Следующее утро началось скверно. То есть само по себе утро было солнечным и теплым, дул легкий ветерок, и все располагало к отдыху. Тетушка, что-то напевая, усердно избегала разговоров на животрепещущие темы.
Около девяти позвонил Тарханов. Торопливо поздоровавшись, сообщил:
– Негритенок в больнице. Вчера вечером его жестоко избили.
– О господи, – побледнела тетушка. – Чего хотели-то?
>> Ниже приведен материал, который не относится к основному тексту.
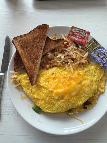SERVED WITH YOUR CHOICE OF OF TOAST & EITHER HASHBROWN OR HOME FRIES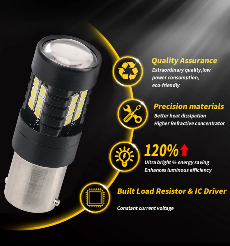 Напряжение: 12V-24V (шире Напряжение, так и грузовых автомобилей) Мощность: 7,5 W Тип разъема: (1156-P21W-BA15S) (1157-P21/5W-BAY15D) (1156-PY21W-BAU15S) Светильник: 21*3030 SMD супер яркость Яркость: 1000 лм на светильник Угол освещения: 360 градусов Срок службы:> 50000 рабочих часов Гарантия: 12 месяцев

– Я у него еще не был, звонила его мама. Думаю, вам надо ко мне переезжать.
– У нас Вовка живет.
– Он целыми днями на работе.
– Думаешь, это Каток?
– Давай не по телефону.
– Ты сейчас свободен? Можно подъехать?
Серафима повесила трубку и уставилась на стену. Я зябко поежилась и задумчиво сказала:
– В Негритенке сто килограммов, и он какой-то там чемпион. А человека довели до больницы. Что ж с нами-то будет?
– Ничего, обойдется.
Это говорило об оптимизме, мне неведомом.
– Серафима, нам надо срочно что-нибудь предпринять.
– Умница. А что?
– Ну, не знаю. Кто его мог избить? На Юрика не похоже…
– Еще как похоже.
– Не вижу смысла. Зачем его избивать было? Если Юрик решил, что мы чего-то откопали, перестрелял бы всех троих, и дело с концом. Серафима, а что, если Циркачу все рассказать? Он помощь предлагал.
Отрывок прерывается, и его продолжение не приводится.